For longer than 10 years, Craig Palm had his brain zeroed in on building a name for himself in the TV and entertainment world. That worked for him since he scored many energizing jobs in TV shows and movies like Yizo, Generations, Backstage, Isidingo and Rhythm City.
Today, Palm is an easily recognized name. He gets back to theater acting in something he last did at school 21 years prior. The entertainer, who turns 40 in November, gets back to the stage with Athol Fugard’s exemplary play Blood Knot.
Publicizing
The play opens at the Market Theater on October 15. Palm, a man who characterizes theater as an otherworldly encounter, is eager to be back in front of an audience.
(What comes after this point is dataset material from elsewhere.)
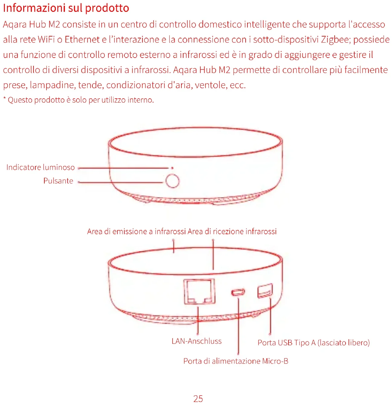 [Hub M2,HM2-G01] mit der Verordnung 2014/53/EU in Einklang steht. Der vollständige Wortlaut der EU-Konformitätserklärung ist unter der folgenden Internetadresse abrufbar: https://www.aqara.com/DoC/Informazioni sul prodotto Aqara Hub M2 consiste in un centro di controllo domestico intelligente che supporta l'accesso alla rete WiFi o Ethernet e l’interazione e la connessione con i sotto-dispositivi Zigbee; possiede una funzione di controllo remoto esterno a infrarossi ed è in grado di aggiungere e gestire il controllo di diversi dispositivi a infrarossi. Aqara Hub M2 permette di controllare più facilmente prese, lampadine, tende, condizionatori d'aria, ventole, ecc.

Palm enjoyed some time off from theater after his representative, the late Moonyeenn Lee, proposed he center around TV and film since it was an in-thing.
“I have not done performance center in 21 years. I’m trusting with my return I will make Moonyeenn glad. The two universes are unique. Film is about the story and theater is about the entertainer recounting a story. With this show James Ngcobo has touched off an old sparkle.
I feel magnificent in light of the fact that I am assuming a part that was played by the incredible Fugard. What makes it significantly more extraordinary is that he is as yet alive and turning 90 one year from now. What more could I request?”
In the two-hander show, coordinated by Ngcobo, Palm acts close by the prepared stage and TV entertainer Mncedisi Shabangu. The show is around two siblings Morris (played by Palm) and Zacharia (played by Shabangu), who explore the complexities of being caught in a spot that offers them only destitution.
“Blood Knot is about the connection between two siblings. It is tied in with being baffled by how their current circumstance restricts their fantasies. It is about land issues and most certainly it returns you to where we come from in the wake of being colonized.
Through narrating, we take you to during the Dutch and politically-sanctioned racial segregation times. The show is extremely educative and exceptionally pertinent to numerous circumstances we experience presently,” Palm says.